Anin (15) Was-Was

2.7K 212 1
                                    


aku kok geli sendiri ya bacanya wkwk

.

.

.

"manyun aja nih neng" Anin mendengus dengan ejekan Fakhri yang tiba tiba datang entah darimana.

"kenapa lagi nih temen lu? Kok kayaknya gak bergairah gitu?" Fakhri ini kebetulannya juga sama-sama orang Jakarta dengan Anin dan Rika.

"apalagi kalo bukan karena abang-abangannya" ujar Rika santai.

"apaan sih, enggak lah" Anin membalas dengan nada sewot.

"anjir jadi beneran ini Nin? Biar gue bilangin temen gue nih, kasian kan kalo ngarep terus"

Rika yang mendengar itu sontak tertawa, rupanya Fakhri benar-benar niat menjadi mak-comblang.

"hubungi duluan aja sih, dari pada lo galau" Rika menyenggol bahu Anin, menyadari sumber kegalauan gadis itu.

"siapa yang galau!"

Anin tidak ingin mengaku jika keresahannya selama beberapa hari ini adalah karena Radit yang sudah jarang menghubunginya.

Sudah hampir sebulan dan pria itu bahkan belum juga mendatanginya lagi seperti yang pria itu janjikan.

Makin lama Radit juga makin jarang menghubunginya. Anin yang masih kelewat gengsi juga pantang untuk menanyakan atau meghubungi lebih dulu meski dia penasaran.

Entah kenapa perasaannya juga menjadi tidak enak dan was-was. Bisa saja Radit menyerah dengan dirinya, Radit muak karena Anin yang begitu jual mahal dan seringkali mengabaikan panggilan juga pesan pria itu.

Kalo memang seperti itu, memangnya kenapa? Batin Anin mengejek. Kenapa justru dirinya merasa takut jika Radit akan memutuskan untuk benar-benar menyerah. Memikirkan itu membuat Anin benar-benar merasa gelisah.

"pulang aja yuk" ajaknya pada Rika dengan wajah murung.

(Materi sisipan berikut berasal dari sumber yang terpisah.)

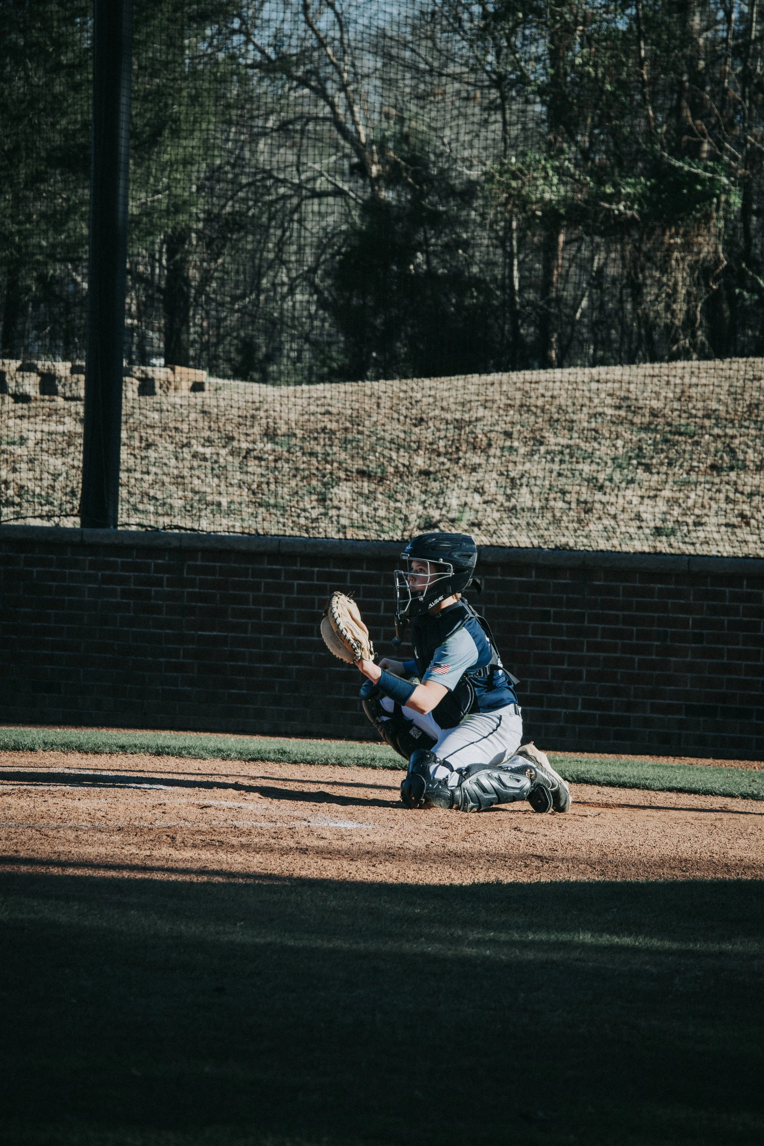 Baseball player catching a ball on a grassy field with a scoreboard in the background marked Latin and Charlotte Latin Hawks.
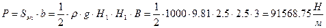 P=ρgH1=1000*9.81*2.5= 24.525 kН/м
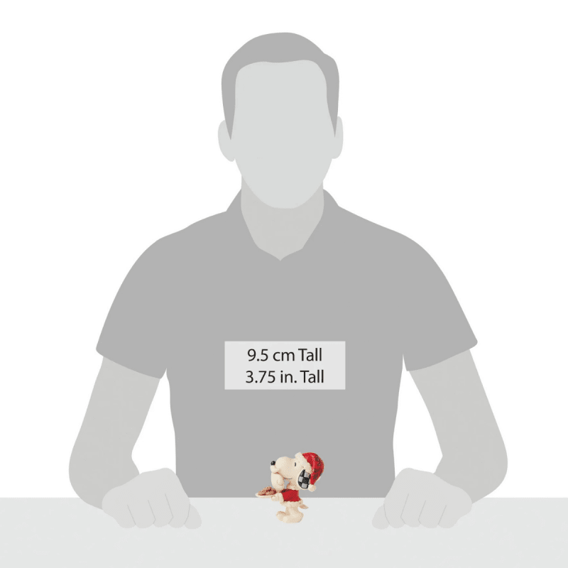 This charming Jim Shore mini figurine features Snoopy dressed as a cheerful Christmas elf, holding a candy cane with a joyful grin. A festive piece that captures the playful spirit of the season.

Rika yang menegerti dengan suasana hati sanga sahabat langsung menurut. Sementara Fakhri hanya bisa menghela napas ketika kedua gadis itu meinggalkannya.

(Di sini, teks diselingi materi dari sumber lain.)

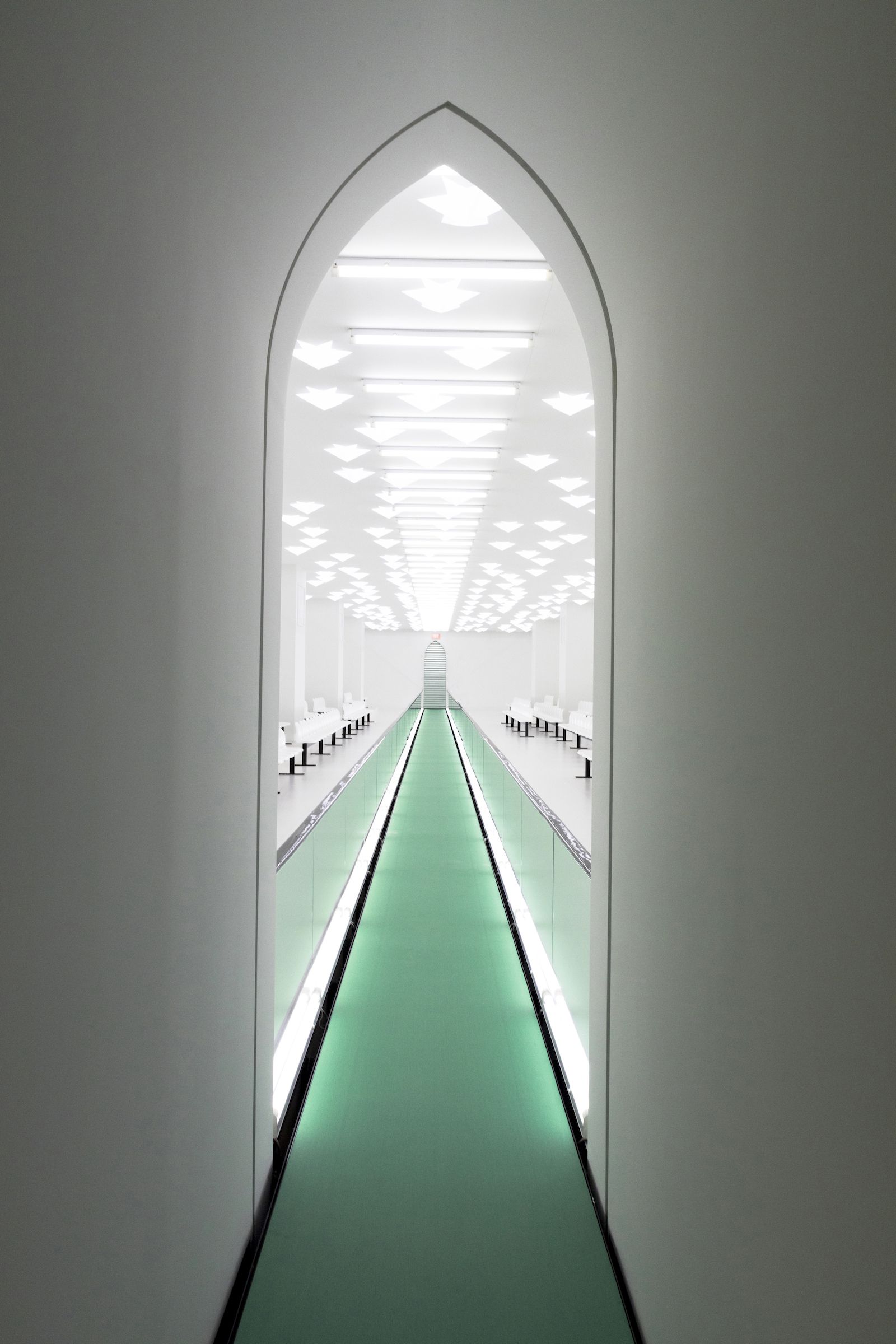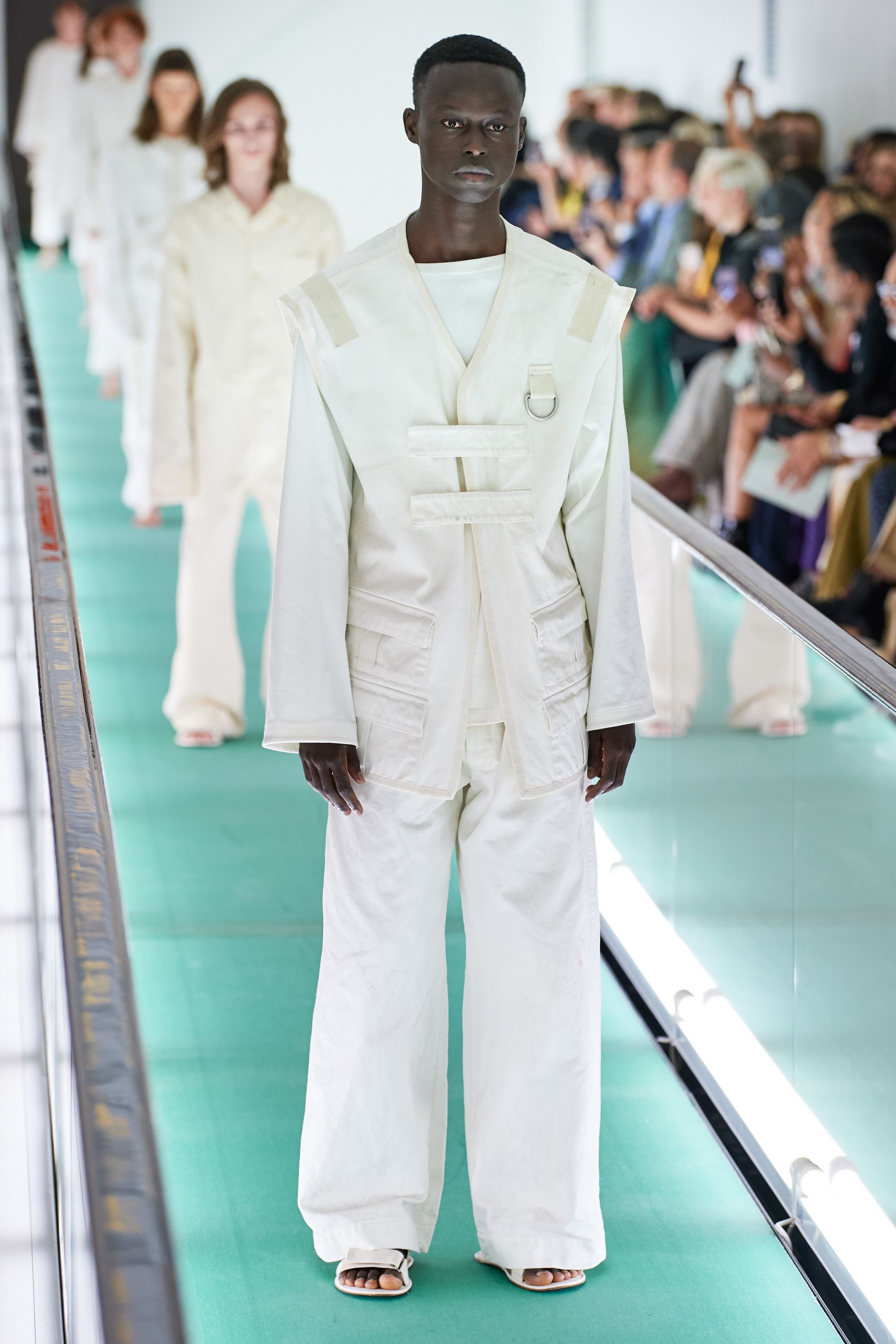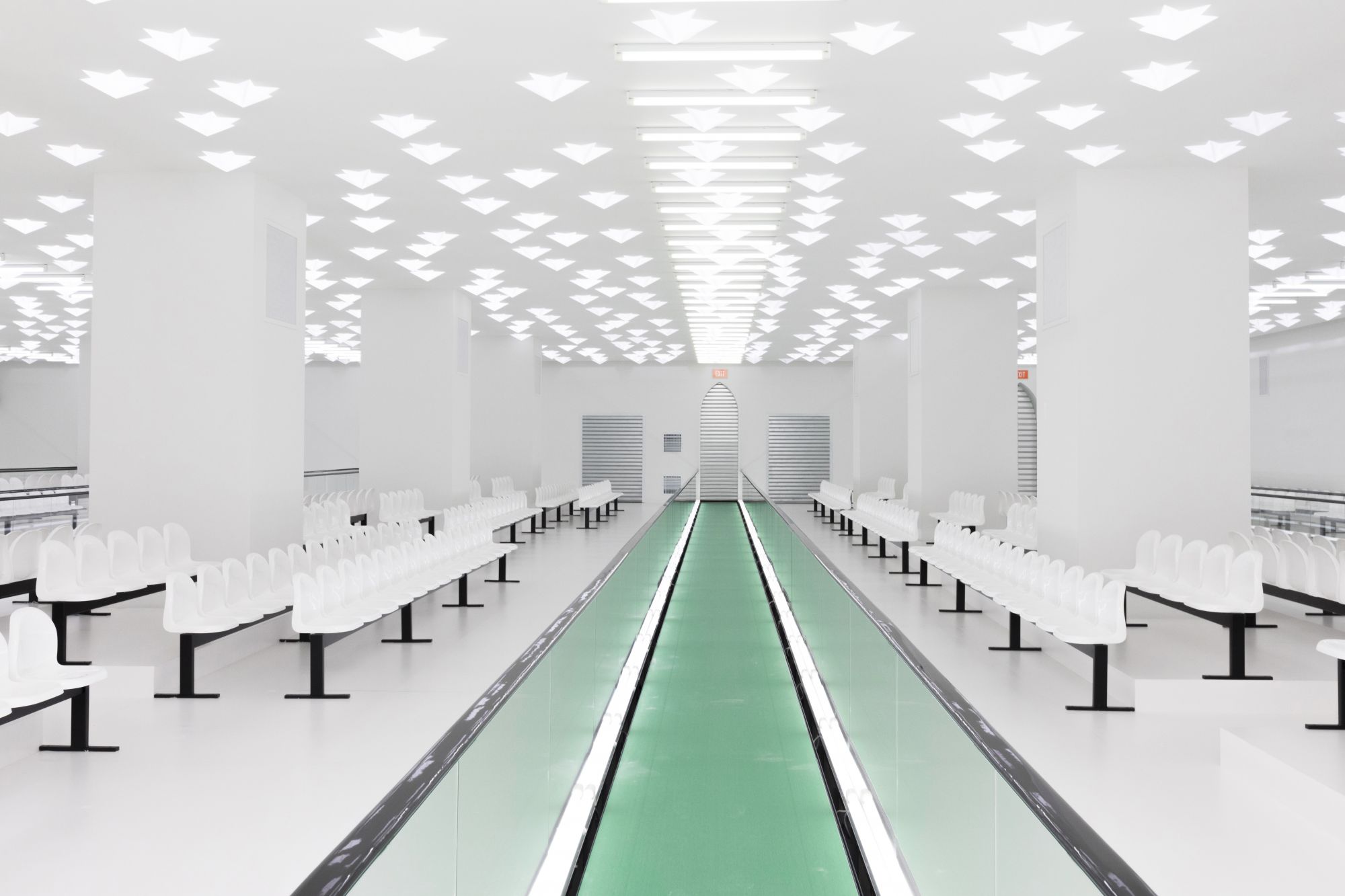 Lo sfilata di Gucci parte dalla location: una stanza incontaminata, divisa da nastri trasportatori verde e colorata da luci rosse, ma quando le porte di metallo si sono chiuse e le luci tremolanti si sono accese, hanno svelato uno spazio clinico completamente bianco, asettico e freddo. Poco dopo, alcuni modelli sono usciti su nastri trasportatori, indossando variazioni di camicie di forza. Fermi, sono stati trasportati dal nastro mantenendo un'espressione gelida e spenta.

Begitu sampai dikamar kostnya, Anin langsung merebahkan dirinya dengan pikiran menerawang. Diraihnya ponsel kemudian memandangi Riwayat chatnya denga Radit begitu lama, seperti sedang mempertimbangkan sesuatu.

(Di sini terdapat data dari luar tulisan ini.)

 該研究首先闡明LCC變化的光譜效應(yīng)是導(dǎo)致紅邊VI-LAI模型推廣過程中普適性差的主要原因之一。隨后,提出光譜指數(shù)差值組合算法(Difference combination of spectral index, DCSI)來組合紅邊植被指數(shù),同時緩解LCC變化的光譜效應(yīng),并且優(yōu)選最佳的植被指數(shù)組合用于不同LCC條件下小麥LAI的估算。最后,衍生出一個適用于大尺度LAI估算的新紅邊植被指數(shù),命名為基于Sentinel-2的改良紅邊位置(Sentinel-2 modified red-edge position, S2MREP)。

Setelah lama berpikir keras, Anin memutuskan untuk mendial kontak Radit. Namun sebelum itu terdengar suara ketukan pintu kamar kostnya.

Anin lalu menunda kegiatannya dan beranjak untuk membuka pintu, dan betapa kagetnya ia begitu wajah yang dirisaukannya beberapa hari ini terpampang nyata dihadapannya.

Begitu pula dengan Radit, tanpa berlama-lama lagi pria itu menarik Anin dalam pelukannya. Tidak peduli jika ini lingkungan kost wanita atau akan ada orang yang melihat tingkahnya.

"I miss you, rasanya mau gila, Nin" bisik pria itu.

Sementara Anin yang sudah kembali dari keterkejutannya juga reflek membalas pelukan pria itu tidak kalah eratnya.

Matanya berkaca-kaca saat Radit terus-terus membisikan kata rindu dan mengecup rambutnya.

Belum terucap kata terima untuk pria itu, namun Anin merasa mereka seperti sudah menjadi sepasang kekasih yang saling merindu. Perasaannya yang gelisah kian mengendur tergantikan menjadi lega dan senang, terlebih melihat kondisi Radit yang tampak sehat-sehat saja.

Setelah berpelukan cukup lama... dan disinilah mereka, duduk dengan kikuk didalam kost Anin dengan pintu yang dibuka lebar. Sebenarnya yang kikuk hanya Anin, sementara Radit tampak cukup santai dengan memperhatikan sekeliling kamar kost tersebut.